• **Work instructions**:
Output, word for word, each line from the one with "X says I would" through the end of the listing below, excluding every picture.

[Data for this task — start]

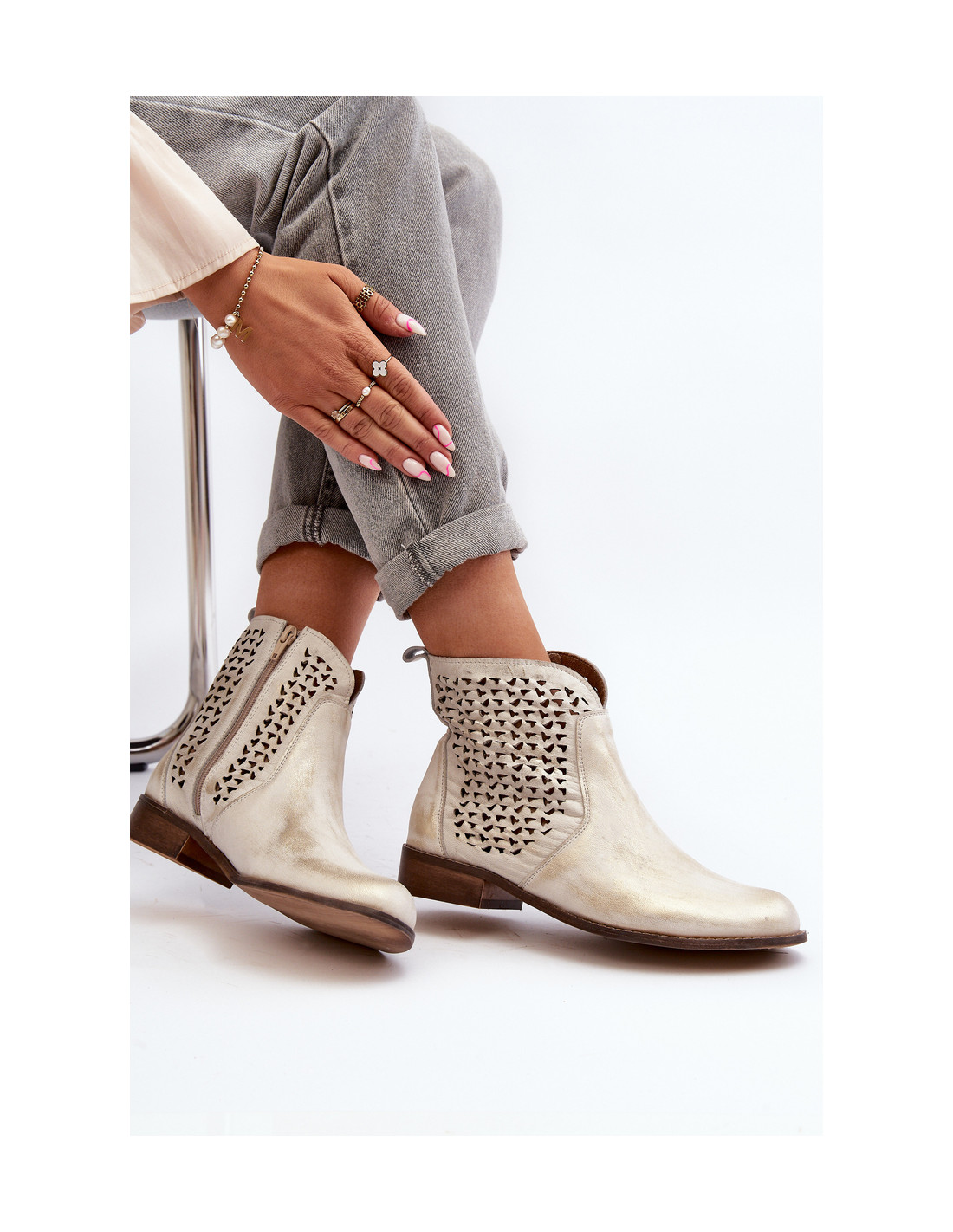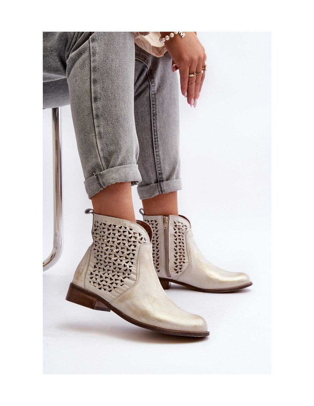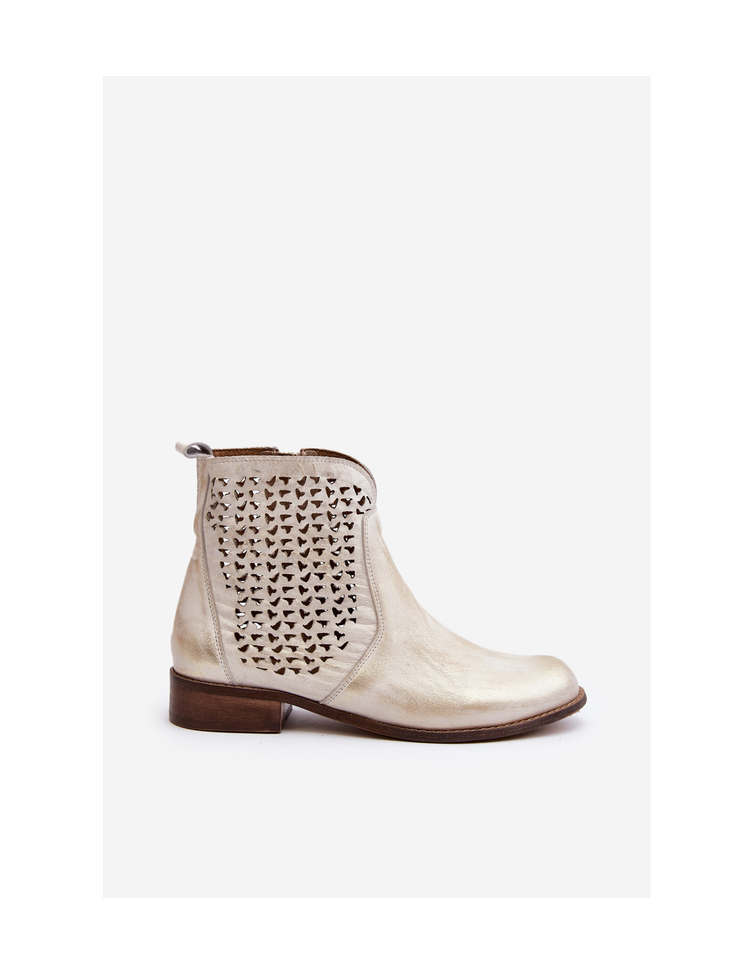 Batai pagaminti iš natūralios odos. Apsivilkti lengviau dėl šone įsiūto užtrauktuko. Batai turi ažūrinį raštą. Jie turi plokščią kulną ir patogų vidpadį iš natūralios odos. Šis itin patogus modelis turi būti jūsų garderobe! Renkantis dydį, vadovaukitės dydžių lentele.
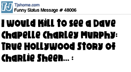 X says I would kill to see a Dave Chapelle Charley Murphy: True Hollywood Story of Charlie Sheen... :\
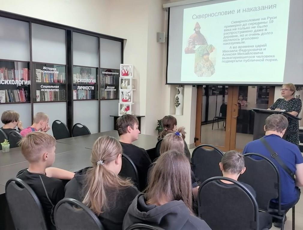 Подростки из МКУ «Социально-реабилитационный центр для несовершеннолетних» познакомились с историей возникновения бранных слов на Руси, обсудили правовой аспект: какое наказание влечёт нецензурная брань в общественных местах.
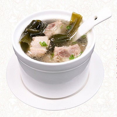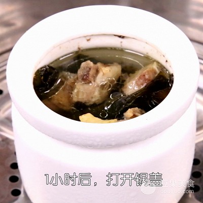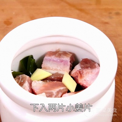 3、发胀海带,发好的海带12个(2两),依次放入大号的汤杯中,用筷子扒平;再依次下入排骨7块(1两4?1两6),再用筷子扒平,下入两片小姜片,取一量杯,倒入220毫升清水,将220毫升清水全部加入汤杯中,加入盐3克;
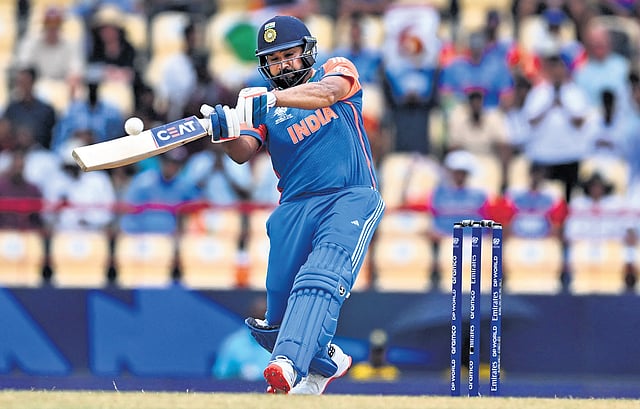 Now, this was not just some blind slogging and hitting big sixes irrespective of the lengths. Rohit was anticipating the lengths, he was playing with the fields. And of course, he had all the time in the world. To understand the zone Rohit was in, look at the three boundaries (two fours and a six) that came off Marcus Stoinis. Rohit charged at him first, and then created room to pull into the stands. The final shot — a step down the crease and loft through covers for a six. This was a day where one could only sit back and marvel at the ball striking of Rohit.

[Data for this task — finish]

• **Answer**:
 X says I would kill to see a Dave Chapelle Charley Murphy: True Hollywood Story of Charlie Sheen... :\
 Подростки из МКУ «Социально-реабилитационный центр для несовершеннолетних» познакомились с историей возникновения бранных слов на Руси, обсудили правовой аспект: какое наказание влечёт нецензурная брань в общественных местах.
 3、发胀海带,发好的海带12个(2两),依次放入大号的汤杯中,用筷子扒平;再依次下入排骨7块(1两4?1两6),再用筷子扒平,下入两片小姜片,取一量杯,倒入220毫升清水,将220毫升清水全部加入汤杯中,加入盐3克;
 Now, this was not just some blind slogging and hitting big sixes irrespective of the lengths. Rohit was anticipating the lengths, he was playing with the fields. And of course, he had all the time in the world. To understand the zone Rohit was in, look at the three boundaries (two fours and a six) that came off Marcus Stoinis. Rohit charged at him first, and then created room to pull into the stands. The final shot — a step down the crease and loft through covers for a six. This was a day where one could only sit back and marvel at the ball striking of Rohit.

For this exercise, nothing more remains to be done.